If you already have another prime that you can use in low light, then it would make sense swapping the 24L II for the 24-70L II. But if you intend to use the 24L II wide open, then keep it. Assuming that you already have a midrange zoom, the 24-70L II will make your pictures incrementally better. The 24L II gives you shallower DOF to get shots will not be possible at f/2.8 and smaller. Just realize that your wallet will be lighter in the future when you decide to replace your mid-range focal lengths options. :


----------



## Axilrod (Sep 12, 2012)

That's a really tough decision, the 24L II is an amazing lens, but after playing with the 24-70 II for most of the day I'm really digging it. They're two totally different lenses though.


----------



## K-amps (Sep 12, 2012)

The fact that you are asking the question means you take the f1.4 aperture as a nice to have, and not a requirement or must have. This then makes it a comparison of sharpness which the zoom wins and the flexibility of zoom, which can make the difference between getting a shot or missing it while changing primes.

It is a tough choice and unless you want to pony up $4k+ to own both... it is looking very tempting to return it and get the Zoom...


----------



## drjlo (Sep 12, 2012)

f/1.4 is still two full stops faster than f/2.8, and while my 70-200 f/2.8 II is very sharp and versatile, I would sell a kidney if it was f/2 or f/1.8 (I know, will never happen).

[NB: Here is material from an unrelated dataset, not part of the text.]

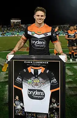 Chris Lawrence (born 19 October 1988) is an Australian former professional rugby league footballer who played his entire career as a centre and second-row for the Wests Tigers in the NRL, and has played for Australia at international level.

I'm thinking about the 24-70 II, too, but even if I got it, I would still need my 35 f/1.4, 50 f/1.2, and 85 f/1.2 II..


----------



## pwp (Sep 12, 2012)

It begs the question doesn't it? If the new zoom is as good as claimed, I just wonder how often I'll be reaching for the 24 f/1.4II. I rarely shoot the 24 f/1.4II below f/2.8 anyway, so it's looking like a potential surplus lens in the bag. And selling it would go a long way to financing the new zoom. We'll see.

-PW


----------



## EvilTed (Sep 13, 2012)

Yeah what pwp said...

The fact is, while the 24 F/1.4 has two stops over the zoom, the resolution figures are piss poor, even in the center.

624 center - 545 average 

http://www.lensrentals.com/blog/2012/06/the-other-canon-primes-why-did-they-do-that

So yeah, it has low light capability, but it is soft as [email protected] and vignettes like hell 

It only really is a great sharp lens at F/2.8 and here the zoom trounces it AND gives every other lens from 24 - 70mm a good run for it's money.

Decisions, decisions 

ET


----------



## Rokkor 58mm 1.2 (Sep 13, 2012)

Since you just got your 24mm f/1.4L II, I'd suggest you enjoy it and learn it's strengths and weaknesses for awhile before seriously considering buying the 24-70mm f/2.8 II. I have no doubts that the 24-70 is fantastic as Roger reported, but I think it would be best to wait awhile to see what a large group of owners report about it's performance, and if it's worth the high price it commands. I've had thoughts about getting one eventually, but i'd rather wait until more information is in so I can make a real world decision. That said, this doesn't matter if you have a real need for it soon, or have money to burn.


----------



## Dr.Jones (Sep 13, 2012)

I have, just as you, given it a thought whether or not et would be "better" to have the 24L II or the new 24-70.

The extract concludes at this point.